We then headed to lunch, as a group, before splitting up for the afternoon to see what sights we wanted to. My little group decided that we would go to a textile place first, where we were shown how they dye the materials first of all, all with natural colours. They were in the process of dying a couple of huge long lengths of material, one green - that deep rich emerald green, for which they use spinach, and one red - an edible, luscious, bright red, for which they use rose petals and a spice I can't remember. We were then shown the printing process. It hadn't occurred me to how much work went into block printing. For each design it takes at least 2 (usually up to about 6 or 7) blocks, all overlaid with different coloured paint, to create the final picture. It takes about 8 people a couple of weeks to finish off one roll of material! After this, he took us upstairs to see some of the finished products. He started with the most basic, lowest quality and price sheets and table cloths and worked his way up to the most expensive blankets and duvet covers. Our reactions were similar to that when watching fireworks...every new piece he brought out was met with a 'ooooh' or 'aaaah' or, on a couple of occasions, a ridiculously sharp intake of breath! Mainly when he was telling us about the next piece, which was a quilted blanket made out of scraps of old wedding dresses. As he unfurled it, the design was a huge patchwork elephant, made out of hundreds of different scraps of intricate lace sleeves, delicately patterned necklines, and bold waistlines. We were awestruck. They were beautiful! I could have spent all kinds money there, but luckily I resisted, seeing as my budget would not have stretched to that. Even if they were only £90 - a total steal for the amount of work in them.
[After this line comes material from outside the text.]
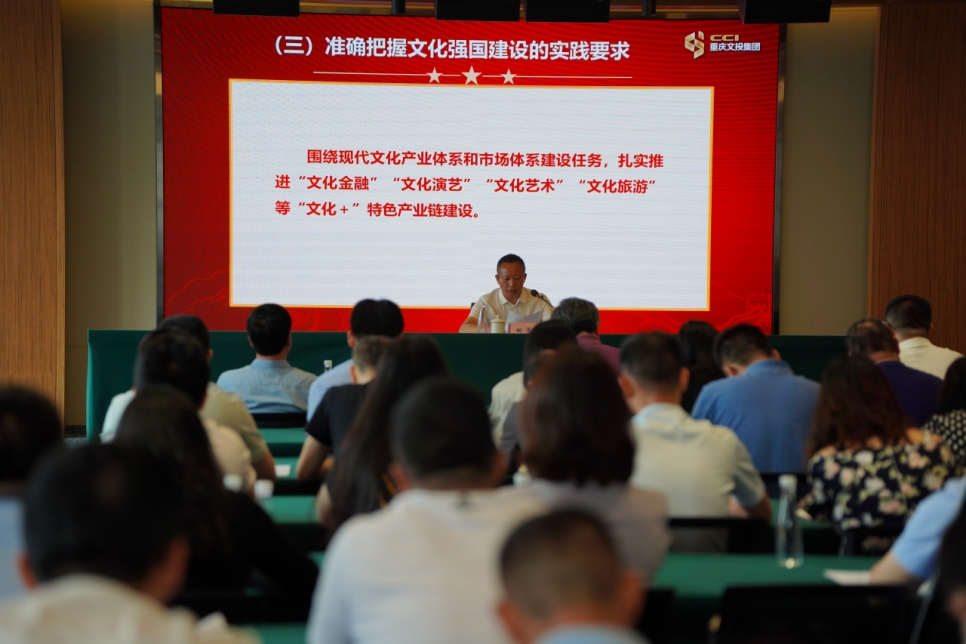 6月30日上午,按照中央、市委开展学习贯彻席大大新时代中国特色社会主义思想主题教育统一部署和市委组织部、市委宣传部工作要求,优发国际平台u8集团党委副书记、总经理田景斌以“深入学习贯彻席大大新时代中国特色社会主义思想,大力推动集团‘文化+’产业链高质量发展”为主题讲授专题党课,这是集团主题教育暨今年“党课开讲啦”活动第2堂专题党课。集团党委班子成员,全体党员,本部全体干部、子公司经营班子成员、集团派驻控股子公司负责人参加学习。市委宣传部主题教育巡回指导一组有关同志到会指导。
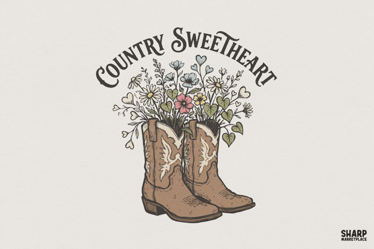 Country Sweetheart PNG, Floral Western Boots Design, Cute Country Girl Art, Wildflower PNG, Boho Digital Download, Cowgirl Shirt Print

After the girls had chosen their elephants (they weren't as strong willed as I was!!) we then left to go to a Monkey Temple. We hired a local guide, who was a young kid, straight out of Uni, trying to improve his English. There were monkeys everywhere, ranging from teeny tiny baby ones, to big, occasionally scary, adult ones. We learned the history of the temple, again, it was about 700 years old, and it is used as a sort of training camp for the Hindu version of young priests. A sort of monastery I guess. There are 3 natural swimming pools there too, one for men, one for women and one for the monkeys. People come to bathe to wash away their sins, or wrongdoings. I have to say, I wouldn't be too keen to jump in, the water wasn't exactly the cleanest!! After watching the young kids playing cricket in amongst the old temples, we were then given the opportunity to feed the monkeys! Of course I jumped at the chance! It's supposed to be good karma, so I thought why not!?! Luckily our guide was there to shoo away the big scary ones, so it was just the adorable baby ones eating out of our hands. Oh they were so cute!! I wanted to take them home with me! Ha!
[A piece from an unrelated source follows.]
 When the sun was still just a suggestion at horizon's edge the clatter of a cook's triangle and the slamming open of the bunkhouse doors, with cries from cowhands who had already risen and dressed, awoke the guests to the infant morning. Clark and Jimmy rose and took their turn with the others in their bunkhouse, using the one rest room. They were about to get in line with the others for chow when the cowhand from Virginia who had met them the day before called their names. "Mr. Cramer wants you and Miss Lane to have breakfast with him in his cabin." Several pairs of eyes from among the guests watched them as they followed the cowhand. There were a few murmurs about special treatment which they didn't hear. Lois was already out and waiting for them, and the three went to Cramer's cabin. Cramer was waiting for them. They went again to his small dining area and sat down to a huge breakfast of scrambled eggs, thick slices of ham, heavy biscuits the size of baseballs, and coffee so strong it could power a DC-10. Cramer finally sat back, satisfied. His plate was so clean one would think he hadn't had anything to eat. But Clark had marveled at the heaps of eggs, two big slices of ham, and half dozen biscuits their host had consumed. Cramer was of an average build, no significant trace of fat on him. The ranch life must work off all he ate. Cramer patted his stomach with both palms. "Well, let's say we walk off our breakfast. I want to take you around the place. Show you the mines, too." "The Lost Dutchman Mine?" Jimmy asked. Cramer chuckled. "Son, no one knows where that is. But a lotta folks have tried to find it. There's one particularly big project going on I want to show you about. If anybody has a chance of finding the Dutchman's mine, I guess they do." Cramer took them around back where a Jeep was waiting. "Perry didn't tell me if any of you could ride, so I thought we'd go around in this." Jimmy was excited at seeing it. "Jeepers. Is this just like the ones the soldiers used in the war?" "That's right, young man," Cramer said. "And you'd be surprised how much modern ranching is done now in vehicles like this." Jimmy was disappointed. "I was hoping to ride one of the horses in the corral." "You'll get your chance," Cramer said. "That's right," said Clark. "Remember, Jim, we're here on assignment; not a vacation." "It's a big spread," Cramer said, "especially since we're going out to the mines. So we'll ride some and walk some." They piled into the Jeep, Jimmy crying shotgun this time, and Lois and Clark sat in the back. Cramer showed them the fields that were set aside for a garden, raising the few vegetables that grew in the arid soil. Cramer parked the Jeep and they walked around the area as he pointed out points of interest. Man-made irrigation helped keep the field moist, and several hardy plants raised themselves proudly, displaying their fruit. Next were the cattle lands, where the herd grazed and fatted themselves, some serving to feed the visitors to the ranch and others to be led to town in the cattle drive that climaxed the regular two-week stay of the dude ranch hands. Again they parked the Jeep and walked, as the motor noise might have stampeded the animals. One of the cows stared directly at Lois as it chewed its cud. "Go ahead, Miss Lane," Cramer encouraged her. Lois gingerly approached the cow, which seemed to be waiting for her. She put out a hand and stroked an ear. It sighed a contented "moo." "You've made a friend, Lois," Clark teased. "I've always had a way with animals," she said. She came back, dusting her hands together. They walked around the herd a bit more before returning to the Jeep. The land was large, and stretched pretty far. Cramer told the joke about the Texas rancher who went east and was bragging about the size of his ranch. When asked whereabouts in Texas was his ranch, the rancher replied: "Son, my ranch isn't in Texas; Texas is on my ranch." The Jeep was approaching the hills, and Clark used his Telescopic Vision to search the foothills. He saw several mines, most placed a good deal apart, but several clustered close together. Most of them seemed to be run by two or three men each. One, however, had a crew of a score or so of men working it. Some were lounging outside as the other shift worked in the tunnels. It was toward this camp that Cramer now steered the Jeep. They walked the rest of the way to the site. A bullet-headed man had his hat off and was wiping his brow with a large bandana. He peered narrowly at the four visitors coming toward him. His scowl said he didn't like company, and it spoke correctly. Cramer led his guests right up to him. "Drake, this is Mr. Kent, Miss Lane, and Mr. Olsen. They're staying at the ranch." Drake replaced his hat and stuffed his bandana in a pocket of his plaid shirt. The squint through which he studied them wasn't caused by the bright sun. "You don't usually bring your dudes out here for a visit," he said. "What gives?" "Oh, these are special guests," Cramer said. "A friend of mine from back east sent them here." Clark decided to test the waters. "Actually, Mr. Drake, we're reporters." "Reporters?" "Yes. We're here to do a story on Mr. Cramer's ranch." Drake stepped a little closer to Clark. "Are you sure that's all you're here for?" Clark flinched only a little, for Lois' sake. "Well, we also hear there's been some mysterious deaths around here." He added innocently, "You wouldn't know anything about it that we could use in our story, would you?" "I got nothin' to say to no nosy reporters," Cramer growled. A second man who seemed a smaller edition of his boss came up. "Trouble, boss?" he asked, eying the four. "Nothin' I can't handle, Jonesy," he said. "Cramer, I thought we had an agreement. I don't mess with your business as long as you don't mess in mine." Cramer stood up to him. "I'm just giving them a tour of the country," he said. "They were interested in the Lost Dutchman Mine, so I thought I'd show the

After a long day of sightseeing we met up as a group again for dinner, to catch up on each other's afternoons activities. Then it was back to the hotel to pack for the next early start. Although I ended up sitting and chatting with Vikash, and a couple of the others from the group, one of whom I hadn't really spoken to much yet, until the wee small hours of the morning! It was nice to get to know them a little better, however sleepy I might have been the next day!